EXERCISE INSTRUCTIONS →
Exactly the lines below from the line with "对于习惯了传统导航方式的长辈" through the line with "Сегодня воспитатель по" must make up the answer, both ends included and pictures left out.

DATA TO EXAMINE →
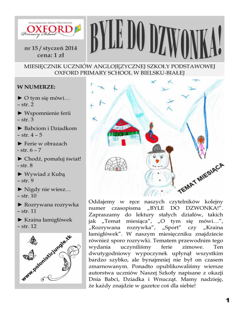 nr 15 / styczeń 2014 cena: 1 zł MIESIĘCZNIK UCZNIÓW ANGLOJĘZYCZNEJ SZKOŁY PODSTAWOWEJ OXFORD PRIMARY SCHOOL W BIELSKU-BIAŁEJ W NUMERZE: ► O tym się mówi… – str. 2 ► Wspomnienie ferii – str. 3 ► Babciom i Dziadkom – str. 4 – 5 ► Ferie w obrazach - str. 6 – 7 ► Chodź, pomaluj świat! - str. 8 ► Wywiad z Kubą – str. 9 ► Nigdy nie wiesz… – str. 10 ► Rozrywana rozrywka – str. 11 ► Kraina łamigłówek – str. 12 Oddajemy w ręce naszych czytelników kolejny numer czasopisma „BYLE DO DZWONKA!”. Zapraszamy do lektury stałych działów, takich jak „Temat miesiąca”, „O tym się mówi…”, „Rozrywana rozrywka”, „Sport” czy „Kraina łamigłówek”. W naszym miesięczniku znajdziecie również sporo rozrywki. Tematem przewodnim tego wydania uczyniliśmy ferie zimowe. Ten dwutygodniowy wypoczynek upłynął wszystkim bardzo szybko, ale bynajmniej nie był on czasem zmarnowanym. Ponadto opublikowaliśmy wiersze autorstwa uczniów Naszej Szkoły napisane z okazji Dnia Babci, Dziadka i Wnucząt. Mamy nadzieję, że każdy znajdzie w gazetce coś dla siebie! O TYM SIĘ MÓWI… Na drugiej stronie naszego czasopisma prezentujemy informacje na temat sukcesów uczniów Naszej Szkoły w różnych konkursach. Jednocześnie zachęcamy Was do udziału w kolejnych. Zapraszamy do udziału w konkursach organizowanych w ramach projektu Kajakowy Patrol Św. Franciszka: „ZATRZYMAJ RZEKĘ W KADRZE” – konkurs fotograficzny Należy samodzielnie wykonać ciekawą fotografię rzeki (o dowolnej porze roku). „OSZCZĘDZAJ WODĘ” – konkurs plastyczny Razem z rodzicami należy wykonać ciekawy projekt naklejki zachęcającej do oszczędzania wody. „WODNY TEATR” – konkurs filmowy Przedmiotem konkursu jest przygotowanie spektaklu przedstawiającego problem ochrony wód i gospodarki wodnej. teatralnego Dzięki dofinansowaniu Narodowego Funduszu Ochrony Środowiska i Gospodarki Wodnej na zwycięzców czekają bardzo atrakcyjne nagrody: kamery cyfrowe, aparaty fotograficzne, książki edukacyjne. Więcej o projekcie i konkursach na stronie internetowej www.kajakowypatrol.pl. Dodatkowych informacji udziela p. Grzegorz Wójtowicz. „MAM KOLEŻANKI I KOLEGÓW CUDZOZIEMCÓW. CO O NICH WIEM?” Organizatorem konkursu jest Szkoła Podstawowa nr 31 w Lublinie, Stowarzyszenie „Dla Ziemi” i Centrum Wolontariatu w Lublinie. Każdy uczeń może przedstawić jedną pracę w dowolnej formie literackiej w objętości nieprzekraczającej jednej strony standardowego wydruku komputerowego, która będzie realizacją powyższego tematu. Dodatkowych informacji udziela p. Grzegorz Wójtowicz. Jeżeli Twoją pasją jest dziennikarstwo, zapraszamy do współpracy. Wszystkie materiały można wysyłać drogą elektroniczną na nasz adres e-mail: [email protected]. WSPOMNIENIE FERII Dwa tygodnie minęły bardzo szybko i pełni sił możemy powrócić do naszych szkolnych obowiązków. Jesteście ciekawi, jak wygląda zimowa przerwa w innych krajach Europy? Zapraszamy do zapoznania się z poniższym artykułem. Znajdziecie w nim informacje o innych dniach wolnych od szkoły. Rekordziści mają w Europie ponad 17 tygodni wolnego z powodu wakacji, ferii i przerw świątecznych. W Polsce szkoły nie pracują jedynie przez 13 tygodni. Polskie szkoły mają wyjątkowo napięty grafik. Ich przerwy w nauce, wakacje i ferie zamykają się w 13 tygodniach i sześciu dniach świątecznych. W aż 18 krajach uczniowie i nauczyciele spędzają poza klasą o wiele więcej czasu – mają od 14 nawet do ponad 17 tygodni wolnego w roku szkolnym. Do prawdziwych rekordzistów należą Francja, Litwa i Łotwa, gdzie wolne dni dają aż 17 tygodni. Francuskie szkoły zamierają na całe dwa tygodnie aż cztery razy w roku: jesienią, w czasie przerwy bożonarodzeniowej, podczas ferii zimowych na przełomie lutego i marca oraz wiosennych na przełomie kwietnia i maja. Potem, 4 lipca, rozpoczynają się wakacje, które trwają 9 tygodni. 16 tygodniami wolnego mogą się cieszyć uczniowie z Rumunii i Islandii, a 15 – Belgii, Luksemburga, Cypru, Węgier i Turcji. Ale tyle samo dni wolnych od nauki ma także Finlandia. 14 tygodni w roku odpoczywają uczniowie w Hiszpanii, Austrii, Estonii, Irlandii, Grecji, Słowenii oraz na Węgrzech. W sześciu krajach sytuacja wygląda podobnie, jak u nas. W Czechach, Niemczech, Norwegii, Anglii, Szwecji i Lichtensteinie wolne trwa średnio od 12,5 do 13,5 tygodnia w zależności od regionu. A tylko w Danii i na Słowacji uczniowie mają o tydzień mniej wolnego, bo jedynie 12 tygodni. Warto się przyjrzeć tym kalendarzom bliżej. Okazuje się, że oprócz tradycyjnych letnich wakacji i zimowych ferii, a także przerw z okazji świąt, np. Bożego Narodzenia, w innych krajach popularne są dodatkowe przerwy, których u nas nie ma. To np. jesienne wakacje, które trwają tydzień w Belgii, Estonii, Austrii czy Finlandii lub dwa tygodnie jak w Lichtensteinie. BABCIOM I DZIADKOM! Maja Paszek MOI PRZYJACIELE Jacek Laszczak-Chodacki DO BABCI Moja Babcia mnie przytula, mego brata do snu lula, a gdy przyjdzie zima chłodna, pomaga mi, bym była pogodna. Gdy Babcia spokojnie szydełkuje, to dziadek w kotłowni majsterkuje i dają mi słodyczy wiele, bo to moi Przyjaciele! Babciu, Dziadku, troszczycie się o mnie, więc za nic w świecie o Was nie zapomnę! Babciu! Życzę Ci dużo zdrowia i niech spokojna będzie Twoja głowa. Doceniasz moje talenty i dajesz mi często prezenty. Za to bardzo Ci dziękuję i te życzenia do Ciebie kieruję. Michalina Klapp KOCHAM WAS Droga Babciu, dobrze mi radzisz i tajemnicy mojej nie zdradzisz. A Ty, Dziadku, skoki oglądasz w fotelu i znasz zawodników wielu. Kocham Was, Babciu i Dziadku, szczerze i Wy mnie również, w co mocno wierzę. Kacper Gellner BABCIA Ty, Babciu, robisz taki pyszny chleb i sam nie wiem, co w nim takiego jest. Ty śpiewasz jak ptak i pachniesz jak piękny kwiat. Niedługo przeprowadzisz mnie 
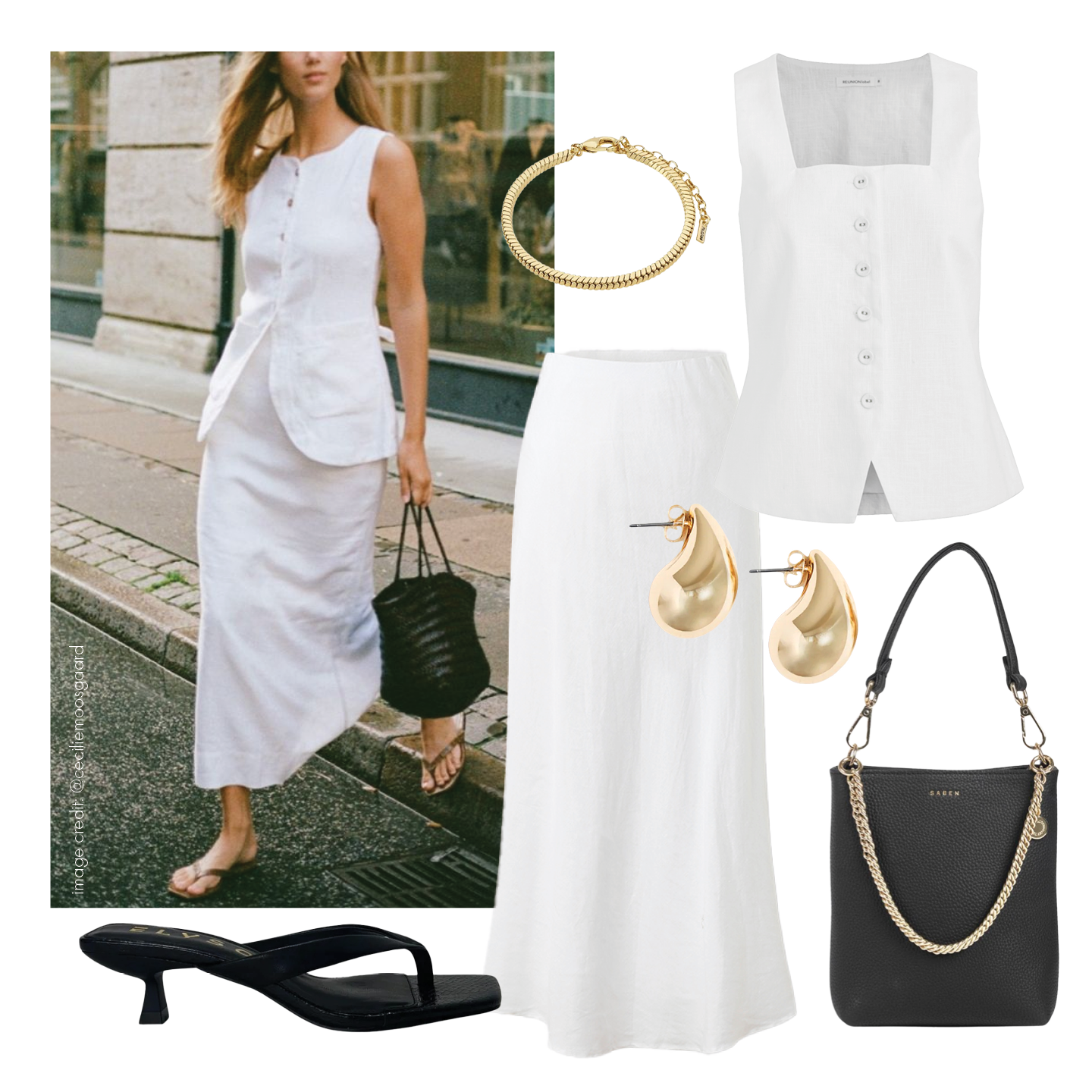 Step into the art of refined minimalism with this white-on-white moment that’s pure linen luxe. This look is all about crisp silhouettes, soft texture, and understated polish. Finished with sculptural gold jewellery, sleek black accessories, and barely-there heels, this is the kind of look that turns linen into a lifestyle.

==

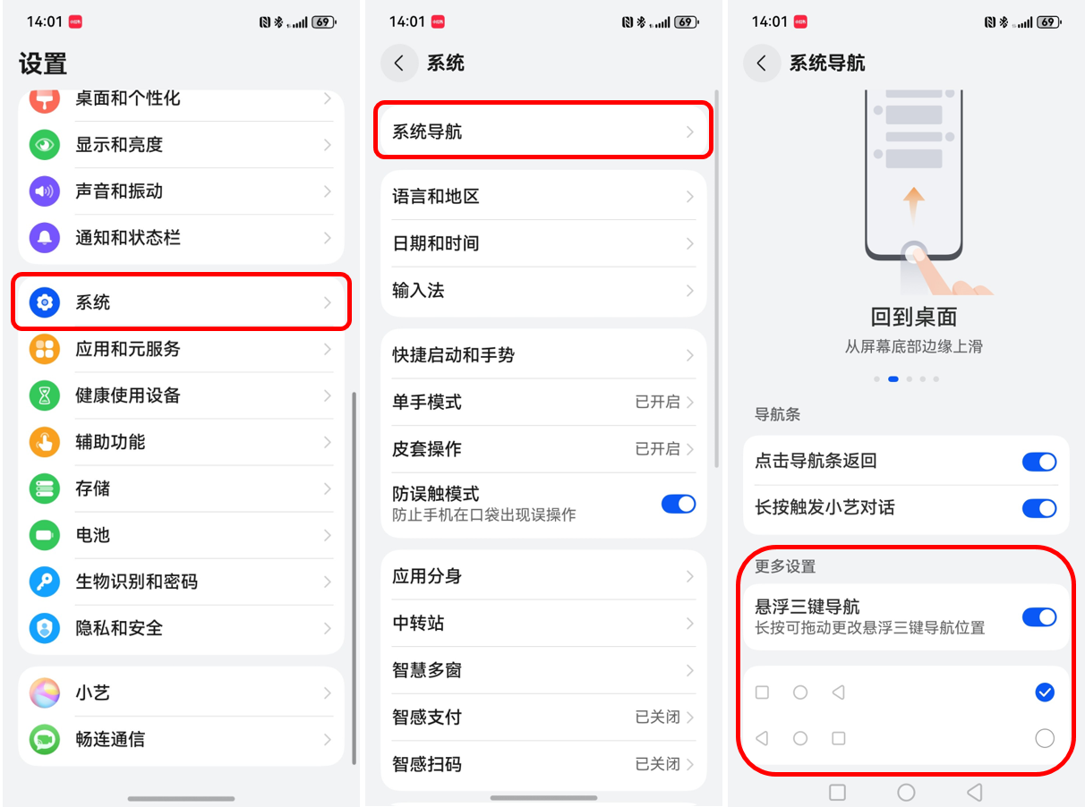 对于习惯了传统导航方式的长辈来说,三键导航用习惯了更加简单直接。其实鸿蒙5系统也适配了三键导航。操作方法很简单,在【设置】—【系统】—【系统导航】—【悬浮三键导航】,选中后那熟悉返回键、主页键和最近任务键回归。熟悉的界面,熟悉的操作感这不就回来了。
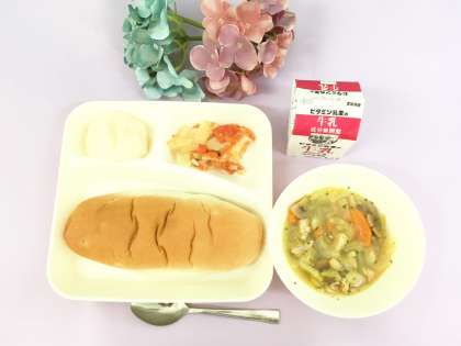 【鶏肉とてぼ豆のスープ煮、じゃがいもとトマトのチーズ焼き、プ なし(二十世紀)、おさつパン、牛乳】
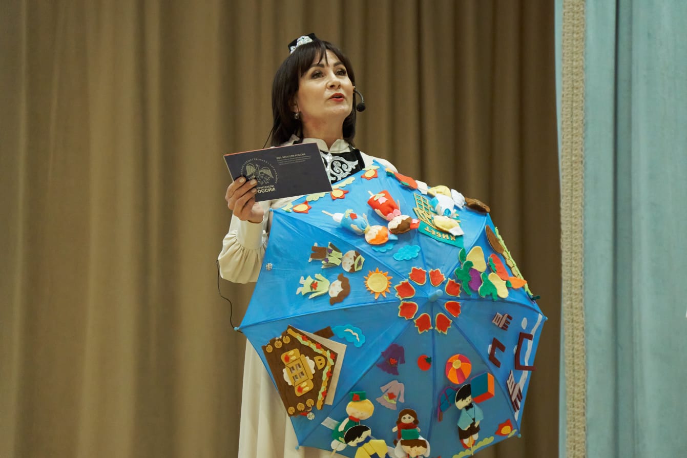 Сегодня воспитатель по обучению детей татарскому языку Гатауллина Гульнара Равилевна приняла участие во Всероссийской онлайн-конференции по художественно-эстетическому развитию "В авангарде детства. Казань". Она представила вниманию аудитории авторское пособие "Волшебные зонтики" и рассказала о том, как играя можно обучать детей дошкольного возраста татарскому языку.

...

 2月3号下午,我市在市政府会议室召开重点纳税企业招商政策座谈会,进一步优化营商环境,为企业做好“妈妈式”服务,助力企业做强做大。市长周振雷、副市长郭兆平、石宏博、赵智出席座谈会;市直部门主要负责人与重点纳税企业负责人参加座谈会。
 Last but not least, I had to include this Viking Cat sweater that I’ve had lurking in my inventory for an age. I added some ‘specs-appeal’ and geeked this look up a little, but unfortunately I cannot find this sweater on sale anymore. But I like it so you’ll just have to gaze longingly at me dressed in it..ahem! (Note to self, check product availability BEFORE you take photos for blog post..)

EXERCISE ANSWER →
 对于习惯了传统导航方式的长辈来说,三键导航用习惯了更加简单直接。其实鸿蒙5系统也适配了三键导航。操作方法很简单,在【设置】—【系统】—【系统导航】—【悬浮三键导航】,选中后那熟悉返回键、主页键和最近任务键回归。熟悉的界面,熟悉的操作感这不就回来了。
 【鶏肉とてぼ豆のスープ煮、じゃがいもとトマトのチーズ焼き、プ なし(二十世紀)、おさつパン、牛乳】
 Сегодня воспитатель по обучению детей татарскому языку Гатауллина Гульнара Равилевна приняла участие во Всероссийской онлайн-конференции по художественно-эстетическому развитию "В авангарде детства. Казань". Она представила вниманию аудитории авторское пособие "Волшебные зонтики" и рассказала о том, как играя можно обучать детей дошкольного возраста татарскому языку.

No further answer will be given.